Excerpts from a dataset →
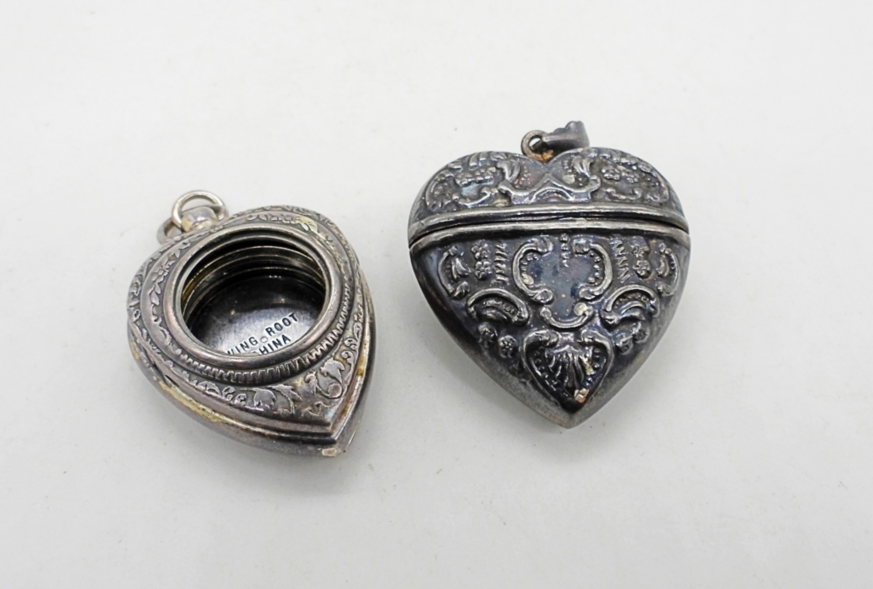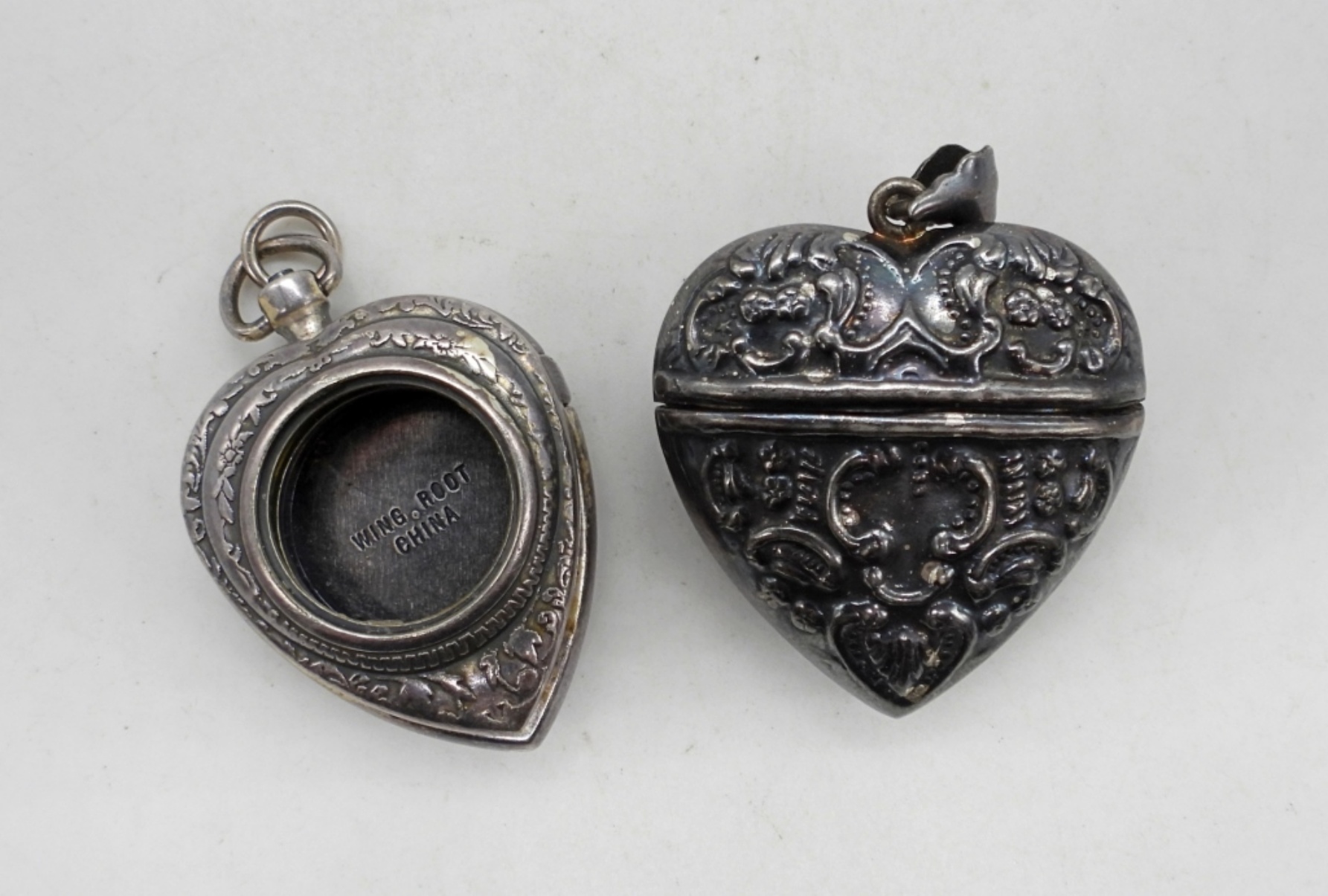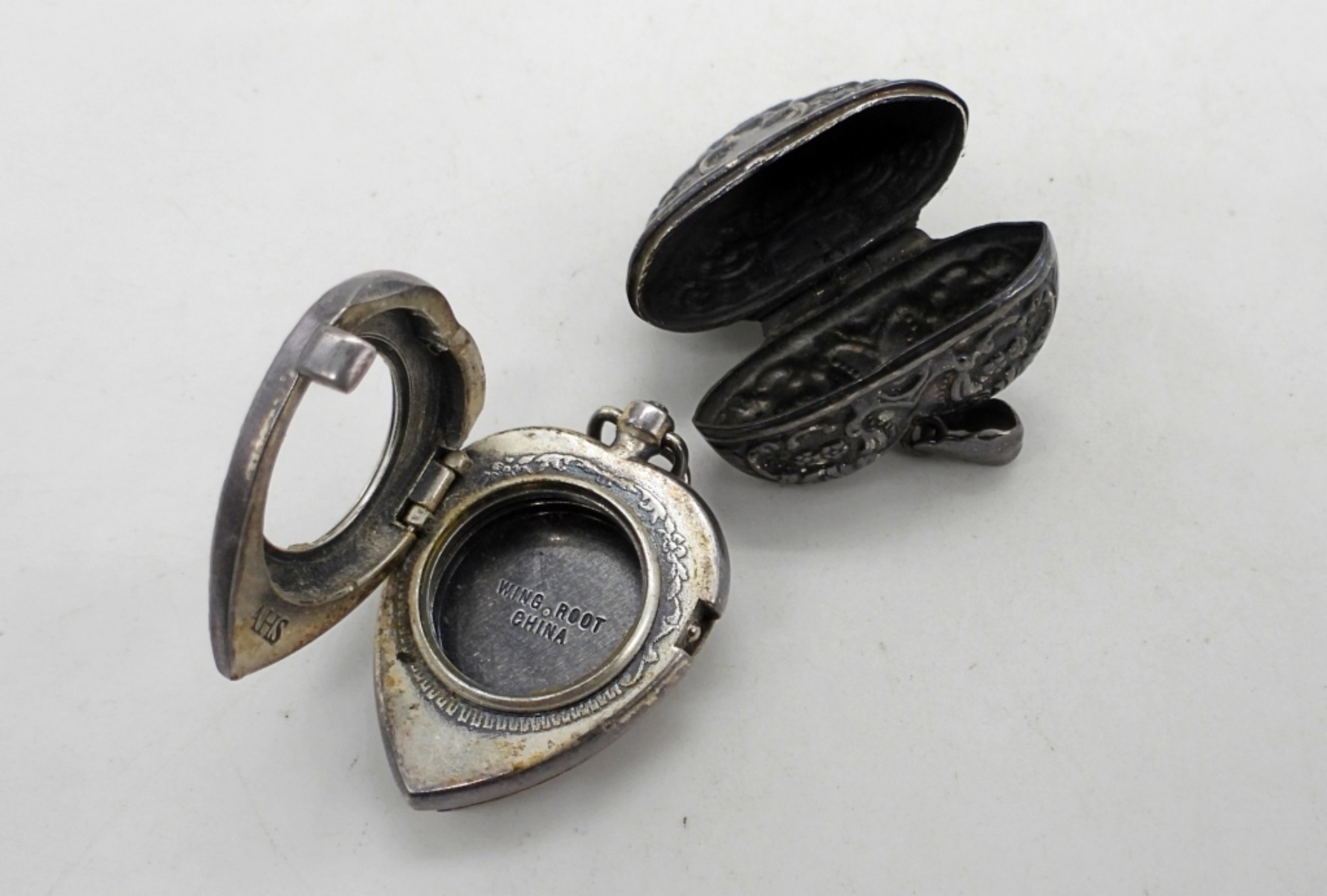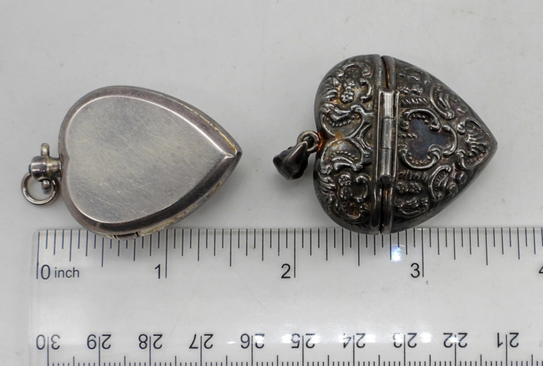 27DWT,BOTH UNDER A 1 1/2″, 1 HEART OPENS AT THE TOP, THE OTHER HOLDS A WATCH
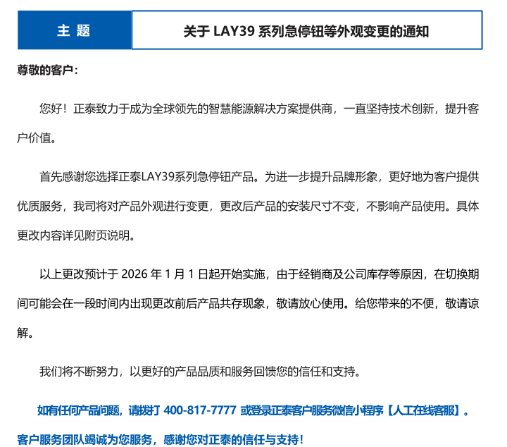 關于 LAY39 系列急停鈕等外觀變更的通知
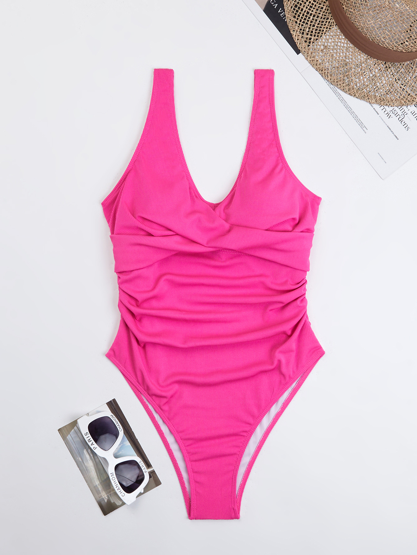 Swimsuit Women Triangle One Piece Solid Color Bikini Sports Conservative Swimsuit
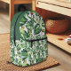 Tropical botanical themed backpack with a pattern of green palm leaves optional personalisation with a monogram and/or name in your choice of font styles, size, colour or placement or delete the sample text to leave the area blank in EDIT. ASSISTANCE: For help with design modification or personalisation or if you would like coordinating items, contact the designer BEFORE ORDERING via the Zazzle Chat MESSAGE tab below or email makeitaboutyoustore@gmail.com.
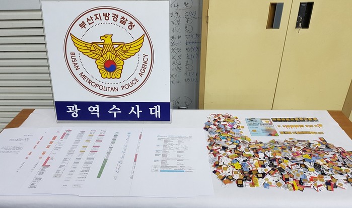 | ▲부산경찰청이 증거물로 압수한 선불유심 가입신청서와 유심칩들.(사진제공=부산지방경찰청) |
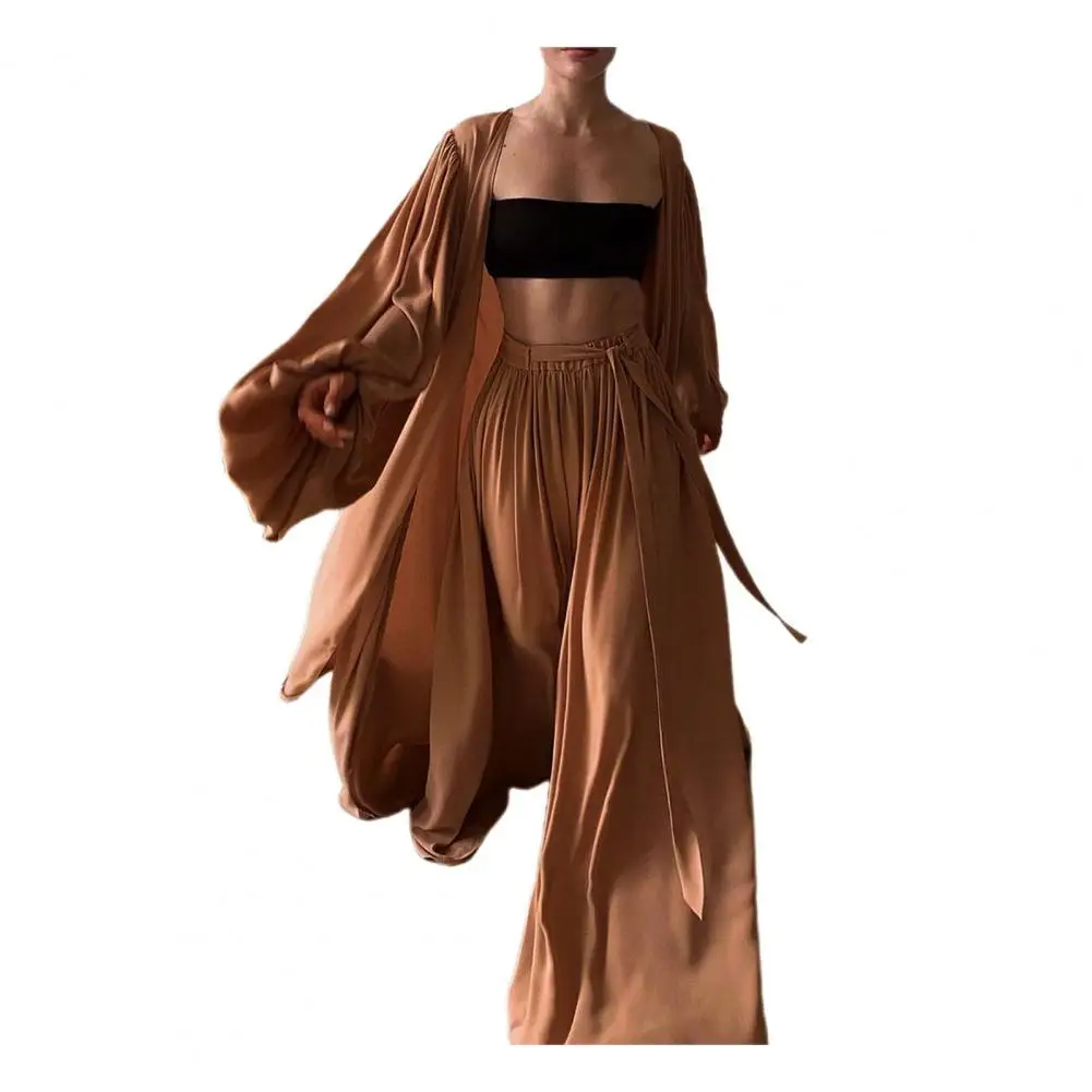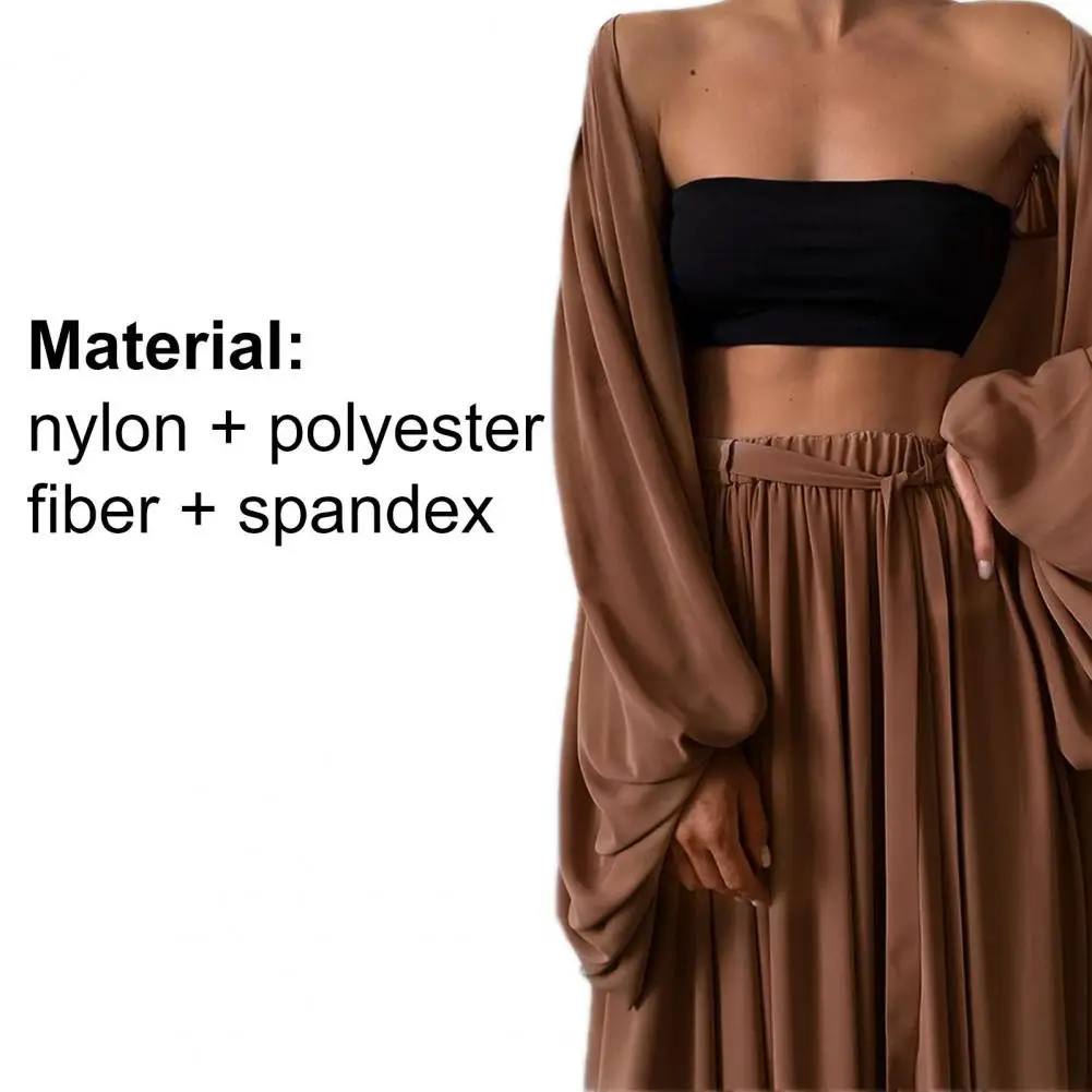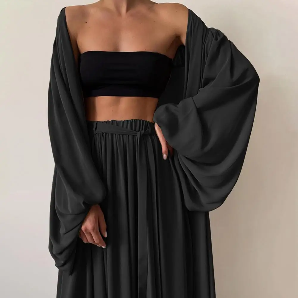 Women Outfit Solid Color Long Sleeve Cardigan Tube Top Wide Leg Pants Three Pieces Set Tracksuit for Party
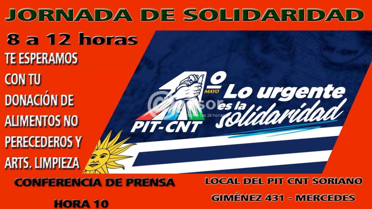Bajo la consigna "lo urgente es la solidaridad" el PIT CNT Soriano, desarrollará la Jornada Solidaria, este 1º de mayo de 8 a 12 horas, en su local de calle Giménez 431.
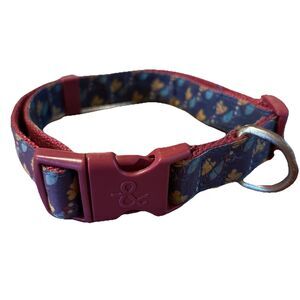 Large Dog Collar Blue Nylon Leaf Print 16”-22” Plastic Clasp Metal D-ring
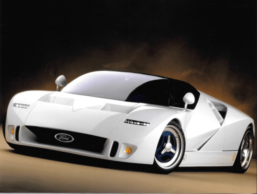 A quad-turbo V12 supercar concept from Ford during a period of deep corporate restraint.

To do →
No pictures should appear; only the lines from the first line of the records through the line with "Swimsuit Women Triangle", both included, are to be restated word for word.

Problem solution →
 27DWT,BOTH UNDER A 1 1/2″, 1 HEART OPENS AT THE TOP, THE OTHER HOLDS A WATCH
 關于 LAY39 系列急停鈕等外觀變更的通知
 Swimsuit Women Triangle One Piece Solid Color Bikini Sports Conservative Swimsuit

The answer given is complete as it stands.